Tomorrow ends our three-week vacation. We'll catch a flight out of O'Hare at 8:10 A.M. and return to Fresno. Tonight being the last night, I thought I'd set down some of my impressions from our path across a region stretching from the Mississippi to the Three Rivers and from the Ohio River Valley to Motown.
The first and lasting impression is, my gosh, the land is so flat. There's virtually no visible elevation until you get to Wheeling and Western Pennsylvania. For a guy who has spent most of his life in California, a state where it's almost impossible to find a place where you don't see mountains, at least on the horizon, it's eerie at first.
Even so, it's easy to imagine the ancient forest stretching an unbroken thousand miles from the Atlantic to the Great Plains. There's still a lot of it left. Along the roads and wherever the land isn't being farmed stand dense deciduous woodlands.
There is way too much corn being grown here. Other than hay, you rarely see anything else being farmed at all. I was wondering if that was because of subsidies meant to encourage ethanol production. If so, it's not a good idea. The stuff is not a net energy or pollution saver, and it's reducing the production of other grains and raising their prices. I'm still amazed. Across 2,000 road miles through Illinois, Indiana, Ohio and Southern Michigan I saw one fruit orchard, no dairies, no vegetable fields and just a bare handful of wheat farms. It's largely a corn monoculture.
American commercial culture is ubiquitous. The familiar national gas, department store, burger and semi-trendy restaurant places are all over. There are some regional chains. Steak and Shake Restaurant and Meijer Supermarket are two that stand out, and the blot of southern Waffle House joints is beginning to make its way into the north.

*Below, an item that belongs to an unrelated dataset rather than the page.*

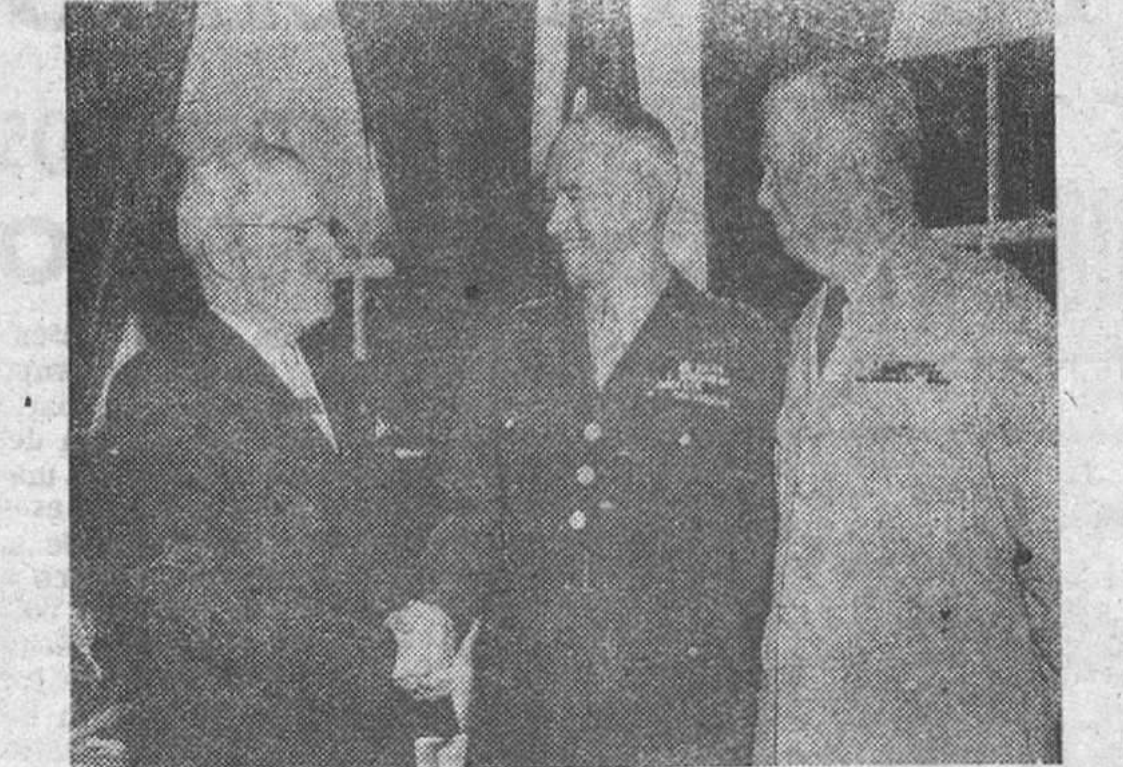
El Presidente Truman felicita al general Bradley, después de comunicarle su nombramiento como presidente de la Asociación de Ex-combatientes, a la derecha figura el general Marshall.

Lejos de ser un apaciguador, Byrnes fué el primer americano

Despite this, local pride remains strong. People are always quick to mention the prominent locals who are nationally known in sports, business, politics or what have you. Small towns go to great pains to set up well-equipped and staffed local historical and cultural facilities, even in places where the economy is distressed and the population shrinking and aging. It's poignant and heartening to see little towns building a waterpark for their kids, or a pioneer or railroad museum, or restoring and refurnishing Victorian mansions built by the magnates of a bygone age. These folks are not giving up.
There is still a lot of manufacturing, especially in the Toledo-Chicago corridor and in Southern Michigan. But much of it looks antique. And an awful lot of it, particularly in Western Pennsylvania and Eastern Ohio, has closed its doors, likely forever. It's hard to see what is going to replace it, and they worry about it.
The great cities are still vibrant. They are more concentrated than Western cities, rather than sprawling out quite so far. They stand like islands of skyscrapers surrounded by oceans of corn and forest. Detroit, Cleveland, Pittsburgh, Gary,
St. Louis, Columbus and Indianapolis are for the most part clean and bustling. Road construction and urban refurbishment are busily underway in all of them, though it looks like Gary, St. Louis, and Cleveland are the three that seem the most worn around the edges. Chicago clearly outshines them all as the colossus of mid-America. It's a truly great city and should be on anyone's list of places to see in the USA.